Miller and other committee members are hopeful the idea will gain favor with preservationists and the business community because members from each sector have been serving on the county-appointed ECO2 committee.

“I think the process of creating the plan already has done a lot to bring the community together,” Miller said. “People who have participated in heated debates on past projects sat down at the same table and participated in putting this plan together. And they now enjoy working together. It is not that they can just tolerate each other; they actually enjoy working together.”

The plan is being sold to the business community as a way to help ensure that proposals for new business and industrial parks won’t get bogged down by environmentalists or preservationists who think the site is inappropriate for development.

“There have been conflicts in the past over how to use land,” said Larry McElwain, an owner of Warren-McElwain Mortuary and a past chairman of the Lawrence Chamber of Commerce. “We’re hoping that this plan can take some of the politics out of planning.”

Creating criteria

The plan itself is a bit unique in that it doesn’t have maps or other documents showing where the community ought to build business parks in the future. It also doesn’t list what areas of the county are most in need of being protected from development.

Instead, the plan creates a set of criteria that leaders would use to determine if a piece of ground is suitable for industrial development. Those criteria include access to an interstate, U.S. or state highway; a location that is outside the 100-year flood plain and is at least 100 acres in size; and a topography that has only a slight slope to allow for development.

The plan also spells out criteria for how leaders would decide on which pieces of open space they would purchase for preservation. The plan states that the land must fall into one of several categories before it could even be considered to be included in a public open space program. Those categories include lands well-suited for trails, native prairies, mature forests, wetlands, habitat for protected species, prime agricultural grounds of 10 acres or more, and sites deemed scenic lands or historical sites.

The plan also states that any landowner who doesn’t want to participate in either an open space project or an industrial park project will not be forced to do so. The plan says eminent domain shouldn’t be used for either type of project.

The linchpin of the plan is a funding formula that would be used anytime an industrial park project is undertaken by the public. For every $20 million in public investment in business parks, the plan calls for $5 million in public money for open space projects.

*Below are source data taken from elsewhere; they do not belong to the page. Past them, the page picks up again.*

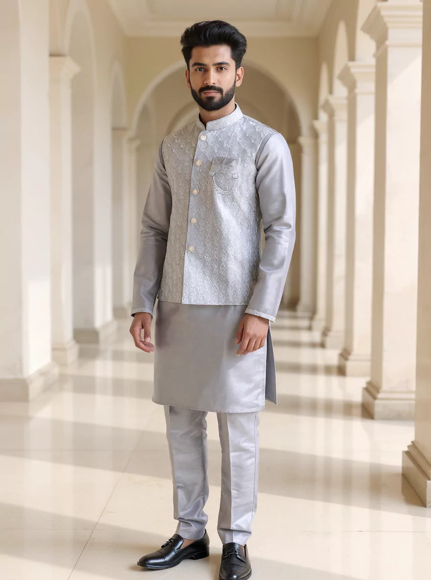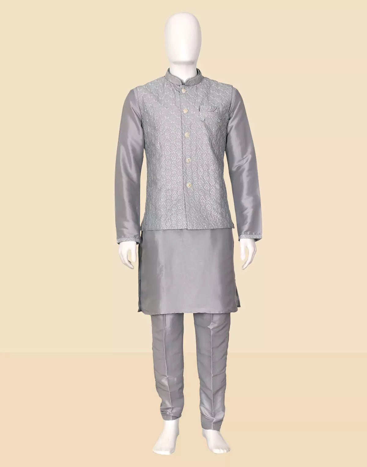This Grey Raw Silk Kurta and Pyjama set is paired with a Floral Thread and Embellished Jacquard Jacket, creating a sophisticated and regal look. The raw silk fabric offers a luxurious texture, while the intricate floral threadwork and embellishments add a touch of grandeur. Perfect for festive occasions and formal gatherings, this ensemble blends tradition with contemporary elegance.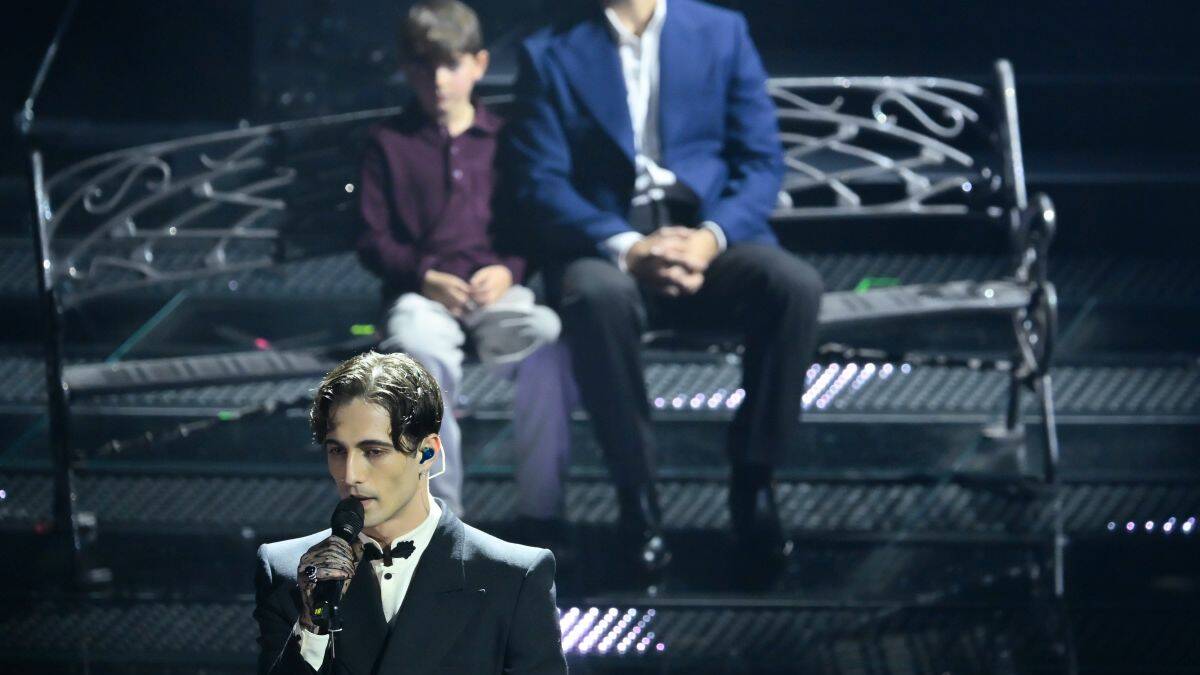 SANREMO (ITALPRESS) – Damiano David – guanto in velo ricamato, abito scuro, camicia con pistagna chiusa da un alamaro nero – apre di fatto la seconda serata del 75° Festival di Sanremo con una interpretazione da brividi di “Felicità” di Lucio Dalla. Un omaggio al cantautore bolognese, autore di pagine uniche della musica italiana, in cui brilla anche l’orchestra di Sanremo. La coreografia ha visto, dietro Damiano David, una panchina su cui era seduto Alessandro Borghi con il piccolo Vittorio. “Abbiamo pensato che Vittorio fosse la persona giusta per rappresentare questo passaggio alle future generazioni”, ha detto Borghi abbracciando il bambino visibilmente emozionato. -foto Ipa Agency-(ITALPRESS)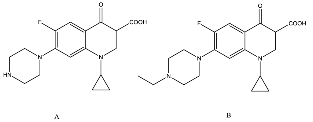 Ciprofloxacin (CIP, Figure 1A) is the most commonly used FQ for the treatment of urinary tract infections. The effects of CIP residues are lower respiratory tract infections, nosocomial pneumonia, skin infections, and chronic bacterial prostatitis [4–7]. The widespread use and possibility of abuse or misuse of FQs in agriculture and aquaculture has resulted in the potential presence of residues of these compounds in foodstuffs of animal origin, which has given rise to public health concerns over their toxic effects, development of resistant strains of bacteria, and allergic hypersensitivity reactions [8–10]. Because of the concerns about drug residues entering the food chain and contributing to bacterial resistance, the use of antibiotics in livestock is strictly regulated and maximum residue levels (MRLs) have been established. In the European Union MRLs has been set for enrofloxacin and ciprofloxacin in milk (100 ng/mL) by Council Regulation EEC/2377/90. Consequently, there is a growing demand for easy, rapid, and economical methods to detect and manage FQ residues in foodstuffs.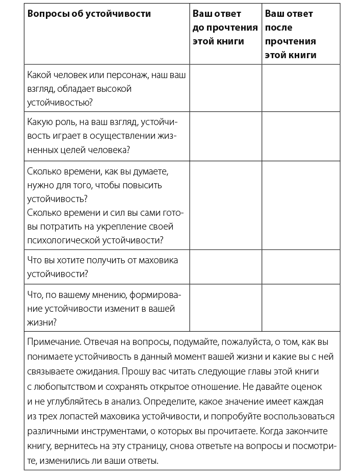 Маховик устойчивости можно представить в виде системы драйверов развития, движущих нас вперед на протяжении всей нашей жизни. Мы проанализировали классические теории и отобрали самые новые труды по теме, дополнили их результатами наших собственных исследований, и так нам удалось создать систему, которая позволяет изменить восприятие и поведение. Модель «маховик устойчивости» – это результат многолетних исследований, отшлифованный и усовершенствованный в процессе создания учебных курсов. Это не твердое руководство, а динамичная система, в которую входят теория и набор инструментов. Вместе они помогут вам выбрать и сформировать ваш собственный маховик устойчивости, подходящий именно вам, соответствующий вашему жизненному курсу и темпу. На мой взгляд, формирование устойчивости похоже на занятия спортом: и там и там нужно долгосрочное системное планирование, необходимо следить за своим состоянием, регулярно делать упражнения, подстраиваться под обстоятельства и никогда не бросать начатое. Конечно, в процессе нас ждет множество непредвиденных случаев и препятствий, которые помешают осуществлению планов. Когда происходит что-то неприятное, все, что нам остается, – это помнить, что «изменчивость есть постоянство». Будьте спокойными и открытыми, подходите к изменениям с научным подходом, узнавайте себя и идите к цели, совершая одну за другой маленькую победу, – так в конце концов вы обеспечите здоровье своей психики и будете полны энергии. Запустите свой маховик устойчивости. Развитие устойчивости – систематический процесс, и даже самое маленькое изменение в восприятии, воспитание в себе правильной привычки позволит вам накопить энергию и станет шагом на пути к лучшему себе.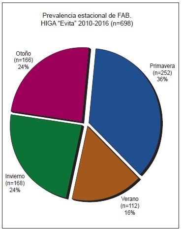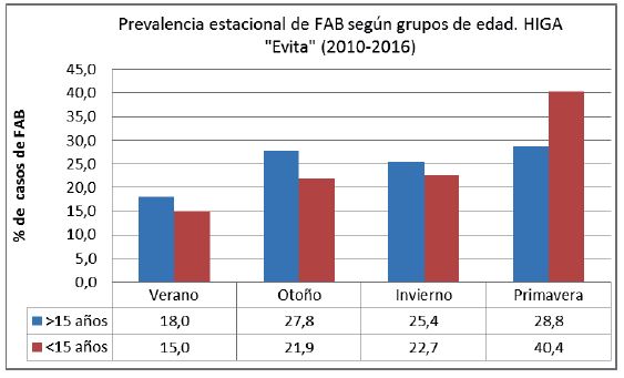 En relación a la estacionalidad, el número de FAB fue mayor en primavera (.<0,05) y predominó en los pacientes pediátricos. Este dato difiere de lo referido en algunos trabajos que señalan un aumento en la incidencia tanto en invierno como en primavera (14)(17).

That ratio is being proposed because research by the committee has found that the public recoups – through land sales and fees – all but about $5 million of every $20 million in industrial park investments.

Possible projects

The actual plan doesn’t list any specific projects that the city and county could undertake if it adopted ECO2. But the Lawrence-Douglas County Economic Development Board and the ECO2 committee last year recommended that by 2015 the community would need to add at least one industrial park – either on the vacant Farmland Industries fertilizer plant along Kansas Highway 10 or near the Lawrence Municipal Airport in North Lawrence.

The two groups also recommended that $5 million of public funding be spent on open space projects. The top four projects recommended for funding were a Kansas River pedestrian bridge that would be part of a trail system connecting the Kaw with the Wakarusa River; the preservation of the Black Jack Battlefield near Baldwin; preservation of 100 acres of high-quality forest land known as the Baldwin Woods between Lawrence and Baldwin; and the preservation of native prairies in Douglas County.

City and county commissioners, though, never acted on the recommendations. The recommendations did not come with any specific suggestions on how to fund the $25 million in public funding that would be needed for the open space and industrial projects.

The ECO2 plan also doesn’t make specific funding recommendations. Instead it lists options for elected officials to consider. Those range from property and sales taxes to impact fees and a mortgage registration tax.